The three parts of Dante’s Divine Comedy were (and are) designed to be read consecutively.  In the end, readers in the 14th century were being given a “road map” to heaven.  If one followed the examples of the souls in Heaven, one could hope to achieve their just rewards.  On the other hand, if one followed the examples of those souls in Hell or Purgatory, then one could expect pain and suffering as punishment, whether for specific time (as in purgatory) or for eternity (as in Hell).  Modern readers still study Dante’s work, perhaps not for its roadmap on how to get to Heaven, but because it also shows a keen insight into the mindset of Christians in medieval European society towards their faith and in the Church’s role in getting them to Heaven.  As St. Cyprian of Carthage, an early Church father, had written in the 3rd century (and as the Roman Catholic Church had upheld for centuries after the fall of Rome), “Extra Ecclesiam Nulla Salus” (outside the Church there is no salvation).  Dante’s greatest literary work exemplifies that sentiment.

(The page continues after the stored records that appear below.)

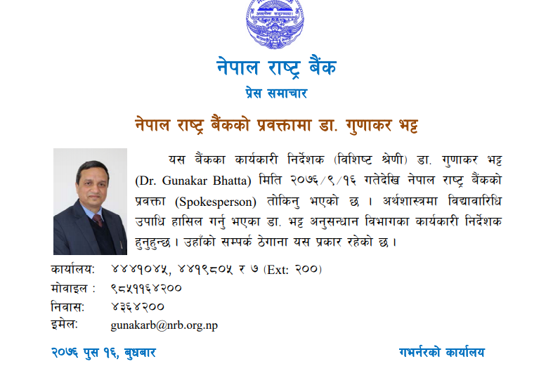 काठमाडौँ । नेपाल राष्ट्र बैंकका प्रवक्तामा डा. गुणाकार भट्ट नियुक्त भएका छन् । बैंकका कार्यकारी निर्देशक (विशिष्ट श्रेणी) मा रहेका भट्टलाई पुष १६ गते प्रवक्तामा नियुक्त गरिएको हो ।
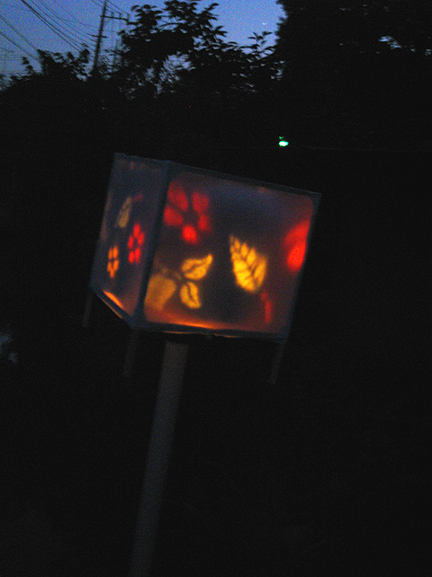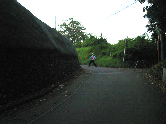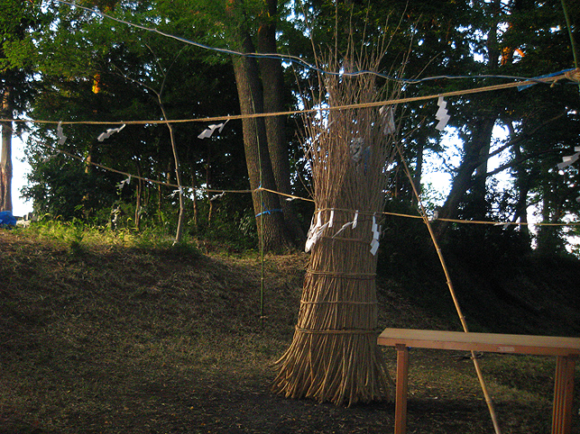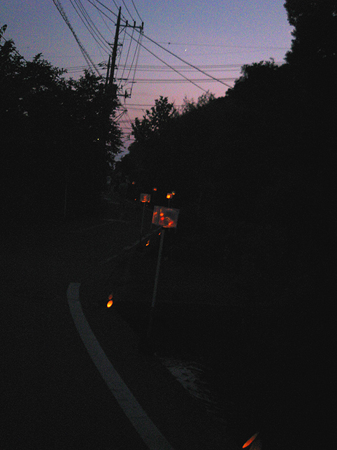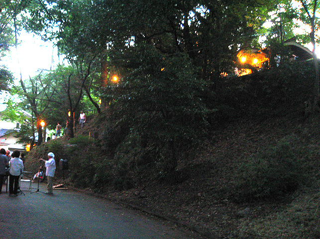 地名は上広瀬と言いますが、このあたりは昔から「水富」と言われています。 襷坂の横に、富士塚の登山口があります。 河岸段丘は、長い帯になって続いています。富士塚はこの高台の上に土を盛られて造られました。 「その昔、じいさんのじいさんたちが土を運んで造ったんです」 と、富士講の方。結構古いです。 地形を見るために歩きまわっていたら、交通規制を担っていたガードマンが、ストレッチしていた(笑)。 以前から気になっていたこの広瀬富士は、こんな感じ。 左の中腹にある、養蚕神社の前に小さい松明。 右側には庚申堂があり、その隣に大きい松明が出番を待っていました。 いずれの松明も、桑の枝をくくってできています。吉田の火祭りの松明によく似たカタチですね。大きい松明は、注連縄で張られた神域の中央に。 空の色が変わり、無数の蝙蝠が飛び始めました。 塚の南側を流れる堀(水路)に沿って、色鮮やかなぼんぼりが回っていました。 と、拝みの声が聞こえてきました。 つづく。。。
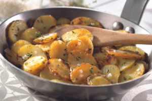 Précuites à l’eau, ces petites pommes de terre primeurs sont ensuite sautées à la graisse de canard et parsemées de thym citron. C’est un délicieux ...
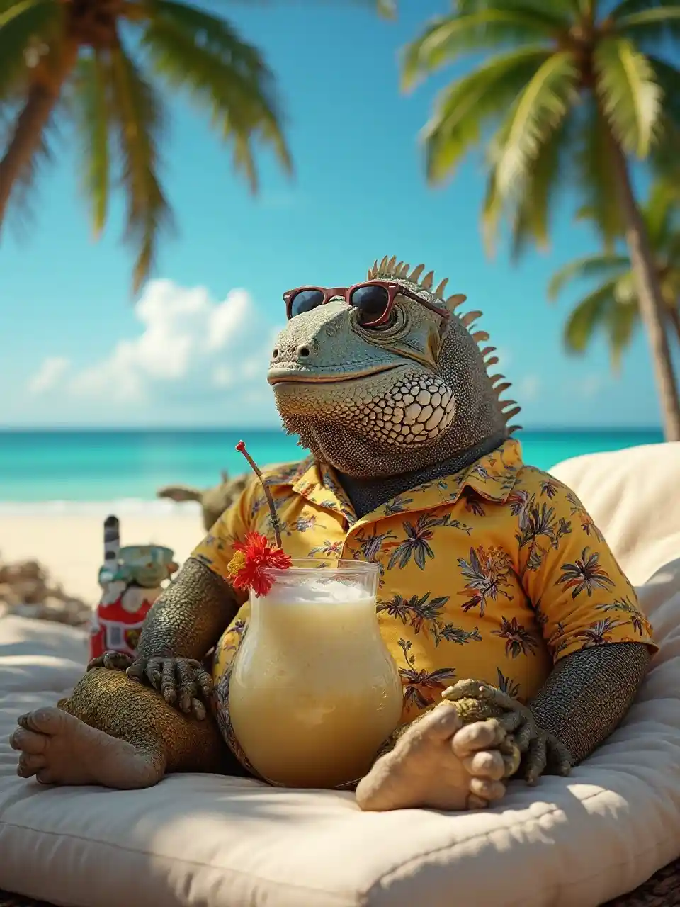 iguana gorda acostada en una tumbona en una playa caribeña con palmeras, con gafas de sol y una camisa hawaiana, sosteniendo una piña colada

In Part 1 of this full analysis of Dante’s Divine Comedy, through an in-depth analysis of various primary and secondary sources, students in this lesson will identify, understand and be able to explain the images and stories of characters found in the first part of Dante’s masterpiece: Inferno, including what the different levels represent in terms of sin, why Dante might have chosen the different characters for each level and what overall message medieval Europeans were supposed to get out of reading the piece.

Procedure

I. Anticipatory Set

  • Writing / Question: How do writers use the technique of allegory to help tell a story and/or give a message to their readers? (5 min)
  • Handouts – Copies of the primary sources and readings from the websites listed. (5 min)

II. Body of Lesson

  • Lecture / PPT – Brief overview of Dante’s Inferno. (20 min)
  • Video – Dante’s Visionary Descent into Hell (10 min)  
  • Independent Activity – Students read the sources and articles Dante’s Divine Comedy: Inferno. (20 min)
  • Suggestion: AP/advanced students should read Dante’s Inferno full text (translated) over the course of multiple days.
  • Suggestion: the “Links” section below contains a worksheet packet to help students understand the different levels of the Inferno
  • Group Activity – Socratic Discussion: Identify and explain the images and stories of characters found in the first part of Dante’s masterpiece: Inferno, including what the different levels represent in terms of sin, why Dante might have chosen the different characters for each level and what overall message medieval Europeans were supposed to get out of reading the piece. (20 min)

III. Closure

  • Assessment – Essay / DBQ:  Explain in detail the images and stories of characters found in the first part of Dante’s masterpiece: Inferno, including what the different levels represent in terms of sin, why Dante might have chosen the different characters for each level and what overall message medieval Europeans were supposed to get out of reading the piece. 

 

Extension

On tour: Duomo (Cathedral) of Florence

While on tour, students in Florence will visit the Duomo (Cathedral) where they can see for themselves the most famous image of Dante and his Divine Comedy.  On the west wall of the cathedral, students will see Michelino’s painting La Commedia Illumina Firenze (the Comedy Illuminating Florence), showing Dante and his famous poem.  Famous statues of Dante also can be found outside the Uffizi Museum and in the Piazza di Santa Croce in Florence as well.  Inside the Basilica di Santa Croce, where many famous Florentines including Michelangelo, Galileo and Machiavelli are buried, there is an empty tomb dedicated to Italy’s most famous poet.  Dante was exiled from Florence in 1301 and spent the last years of his life in Ravenna, dying there in 1321.  He is buried in the Church of St. Francis.  In 1829, the city of Florence tried to get the poet’s bones transferred to Santa Croce, but to no avail.  They remain in Ravenna to this day.